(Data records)

-=-=-

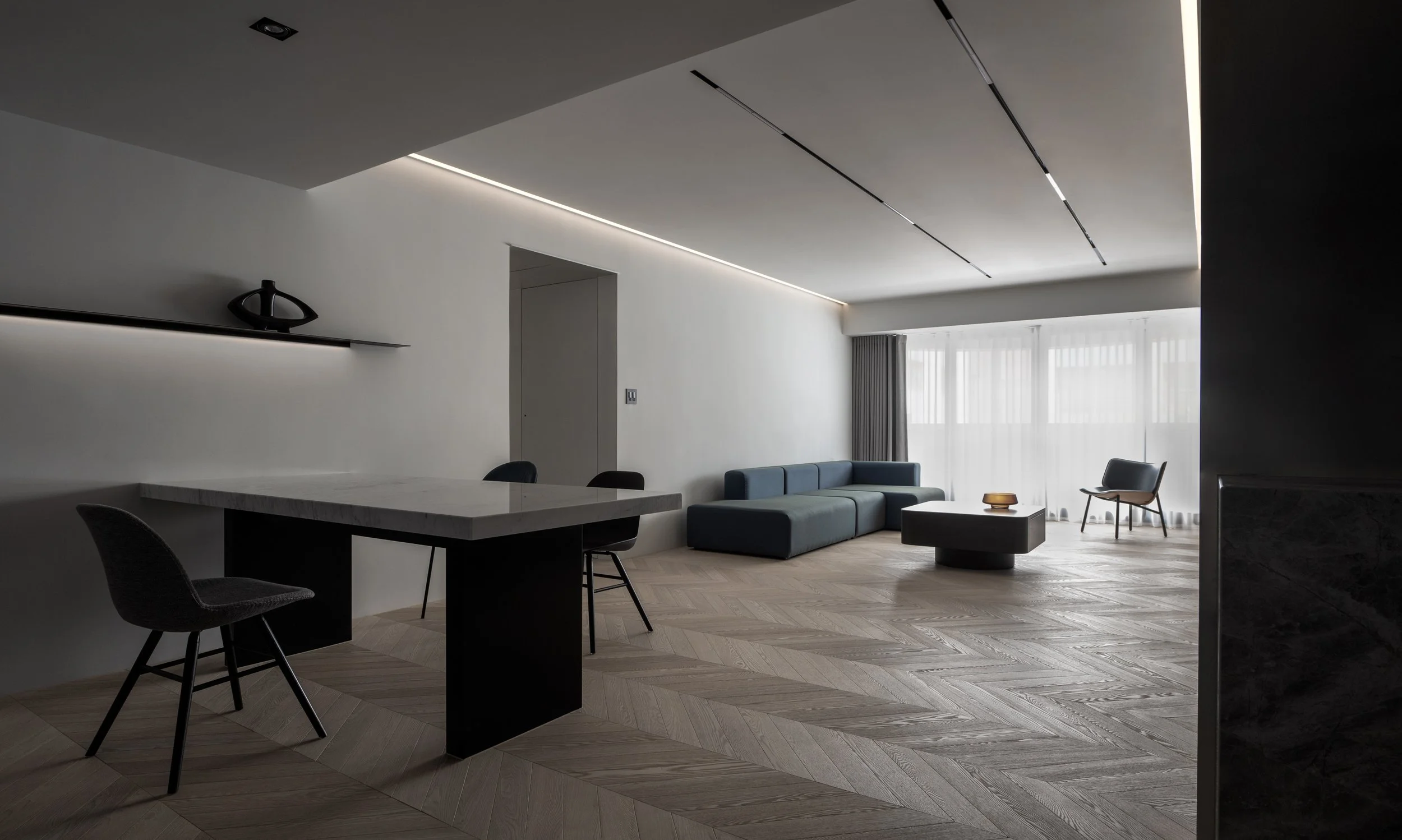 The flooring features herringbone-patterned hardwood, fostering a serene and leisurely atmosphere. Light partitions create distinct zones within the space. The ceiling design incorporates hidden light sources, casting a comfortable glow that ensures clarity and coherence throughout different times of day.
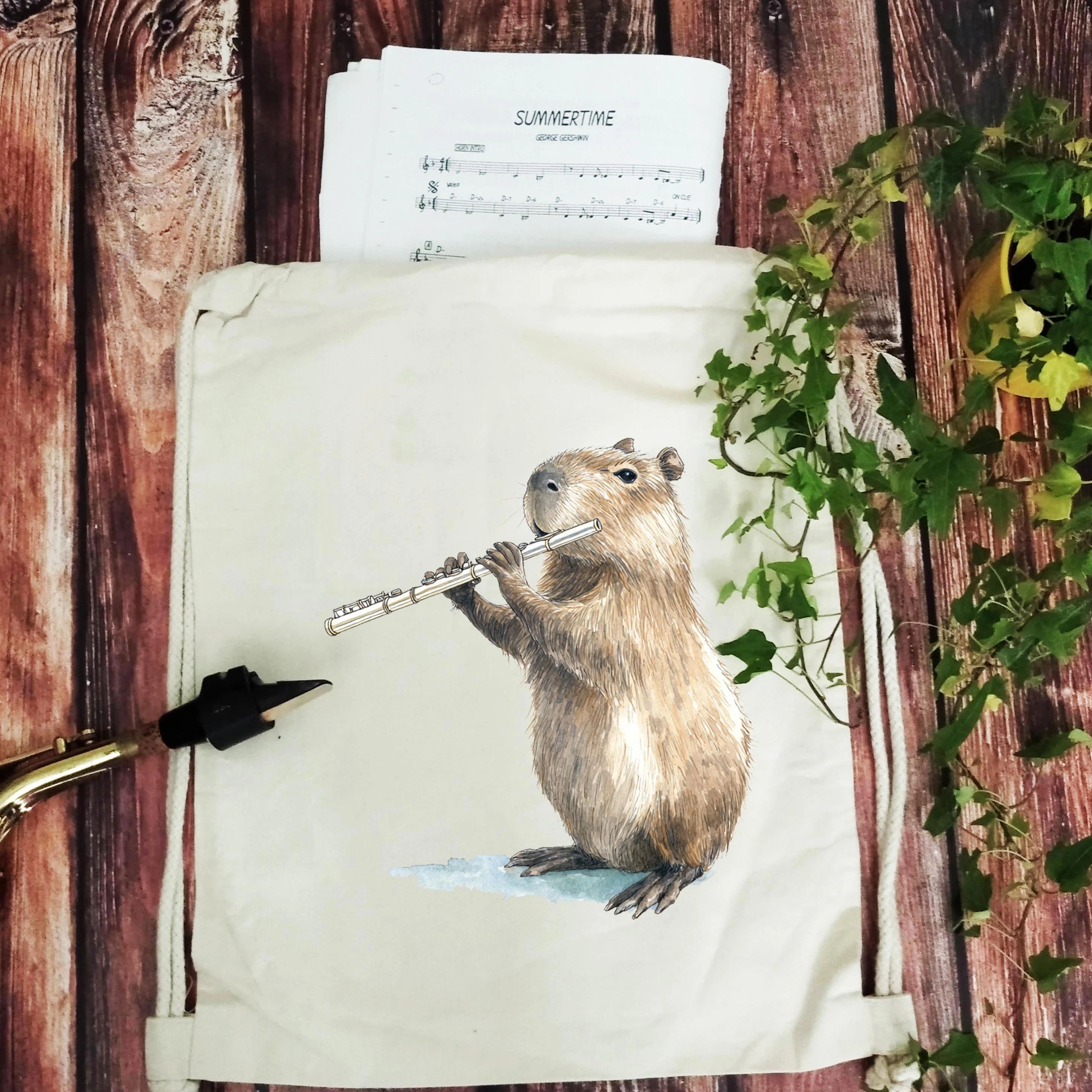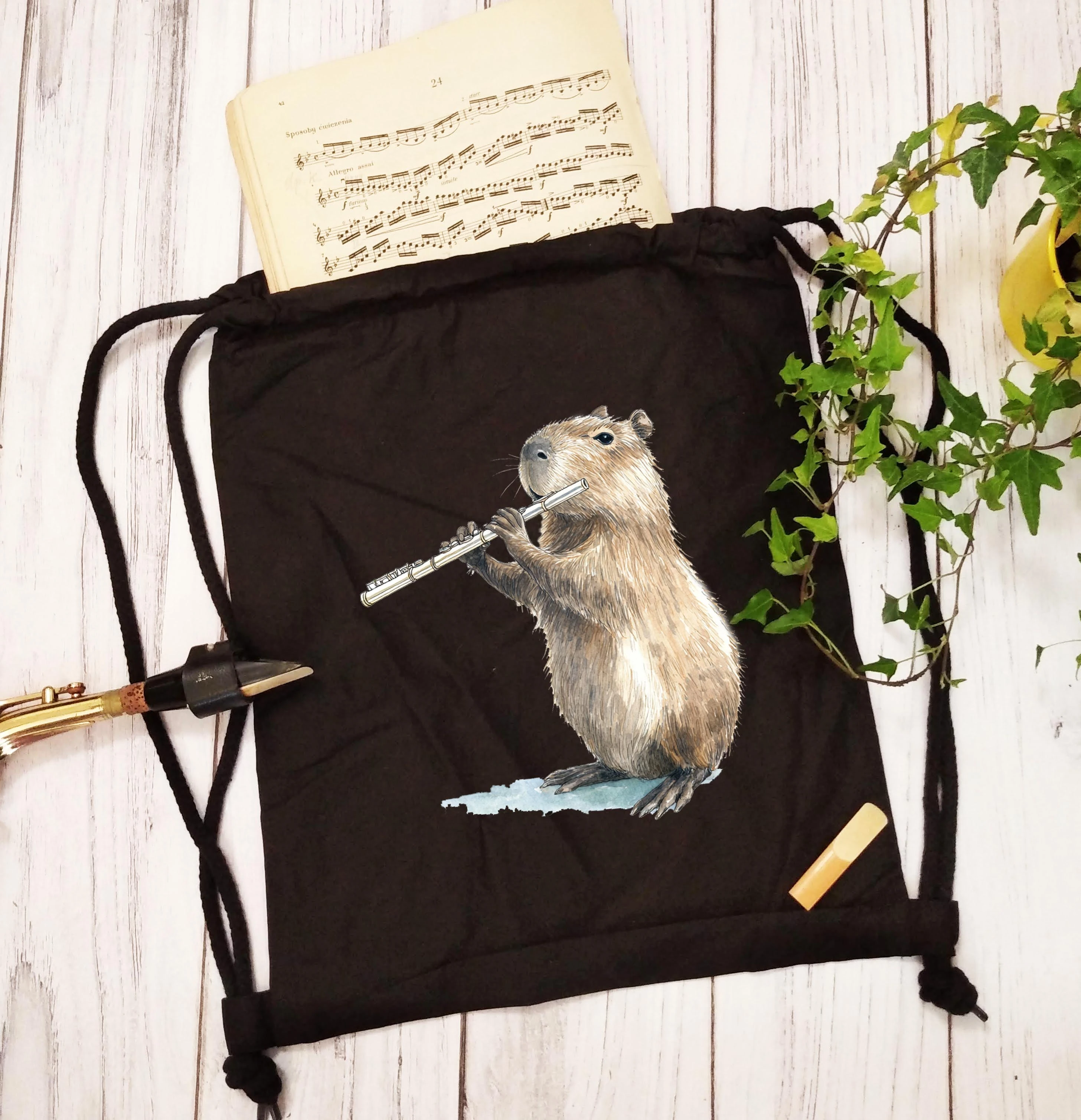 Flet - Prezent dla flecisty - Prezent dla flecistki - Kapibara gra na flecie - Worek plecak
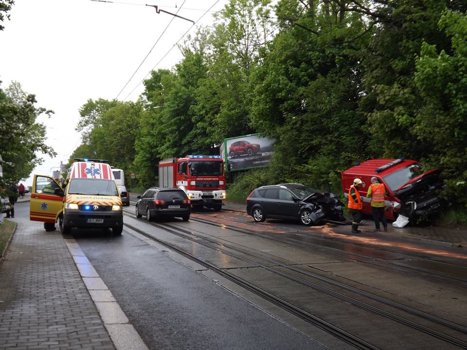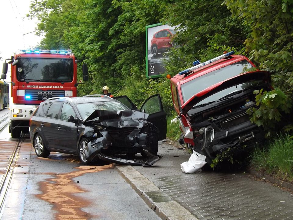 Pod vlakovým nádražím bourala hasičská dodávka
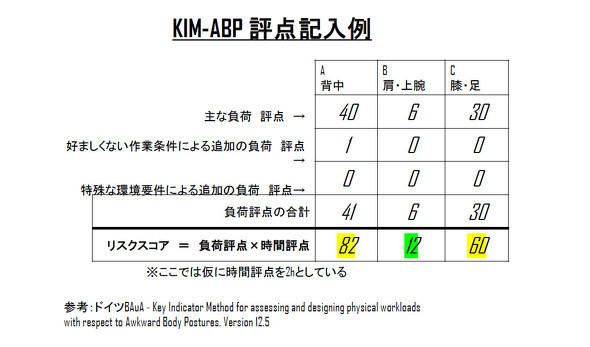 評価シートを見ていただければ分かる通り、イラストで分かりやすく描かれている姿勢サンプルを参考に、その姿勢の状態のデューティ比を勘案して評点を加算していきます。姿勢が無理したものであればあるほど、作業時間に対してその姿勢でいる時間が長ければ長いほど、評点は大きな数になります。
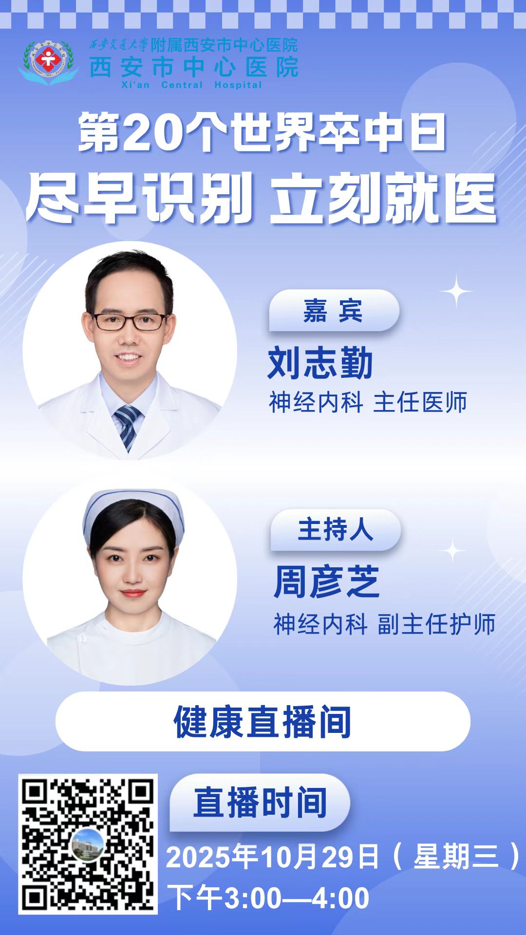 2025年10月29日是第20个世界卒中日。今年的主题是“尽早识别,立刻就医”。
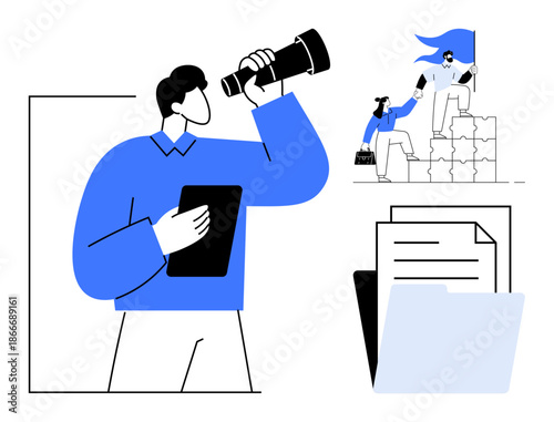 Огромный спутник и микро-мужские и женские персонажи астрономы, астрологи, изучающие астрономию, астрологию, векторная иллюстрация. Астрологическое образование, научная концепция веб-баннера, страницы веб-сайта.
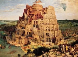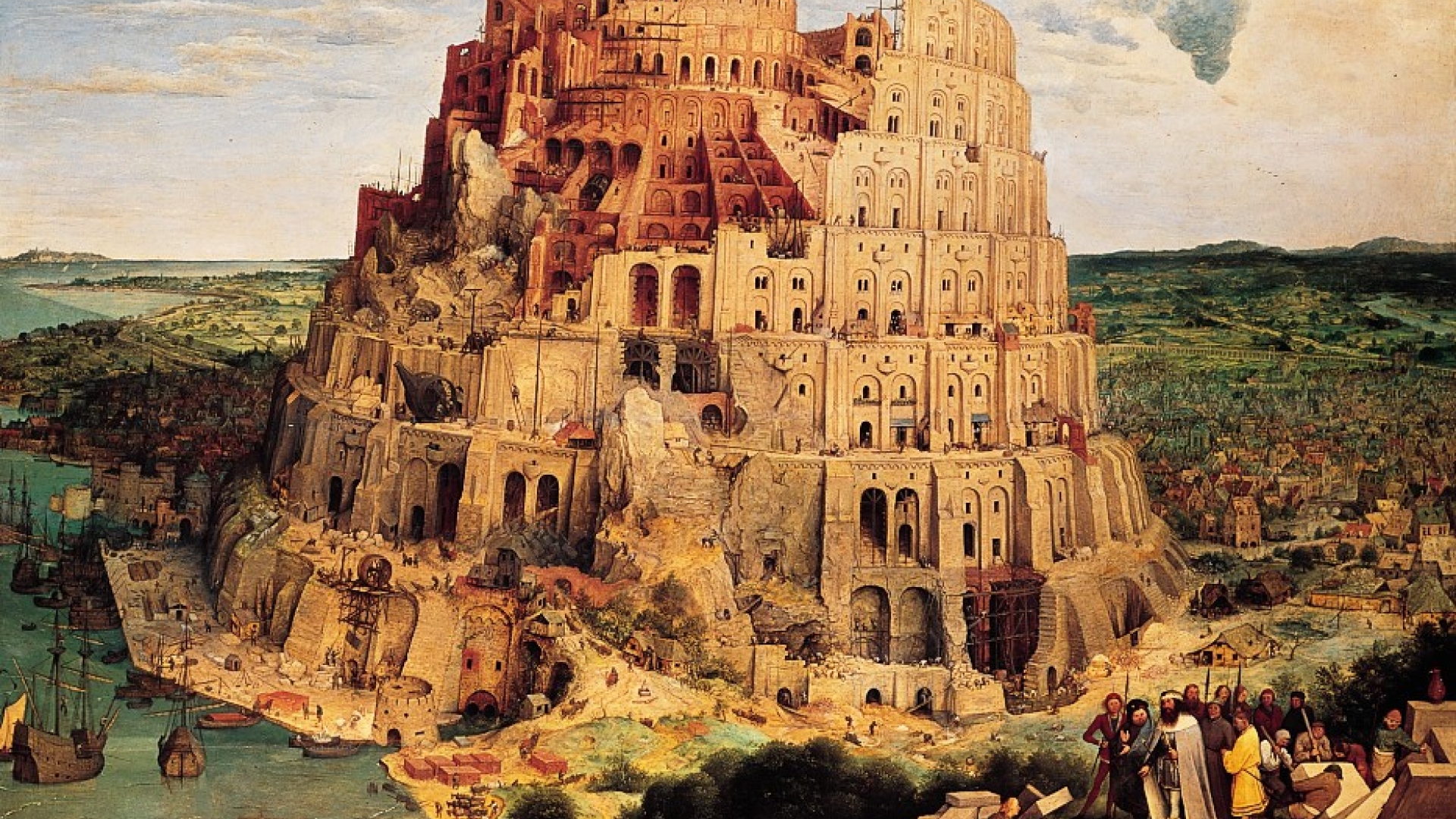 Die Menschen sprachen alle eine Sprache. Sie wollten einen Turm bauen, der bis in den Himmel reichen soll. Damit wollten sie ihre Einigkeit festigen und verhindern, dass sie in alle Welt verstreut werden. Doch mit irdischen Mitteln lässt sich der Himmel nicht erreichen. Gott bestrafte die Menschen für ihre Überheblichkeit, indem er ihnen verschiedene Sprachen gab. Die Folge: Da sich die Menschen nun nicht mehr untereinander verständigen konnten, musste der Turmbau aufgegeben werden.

-=-=-

▸ **EXERCISE GOAL**
After locating "評価シートを見ていただければ" and "2025年10月29日是第2" in the records above, return exactly the line holding each one and every line between them; leave out the pictures.

▸ **RESPONSE TO THE EXERCISE**
 評価シートを見ていただければ分かる通り、イラストで分かりやすく描かれている姿勢サンプルを参考に、その姿勢の状態のデューティ比を勘案して評点を加算していきます。姿勢が無理したものであればあるほど、作業時間に対してその姿勢でいる時間が長ければ長いほど、評点は大きな数になります。
 2025年10月29日是第20个世界卒中日。今年的主题是“尽早识别,立刻就医”。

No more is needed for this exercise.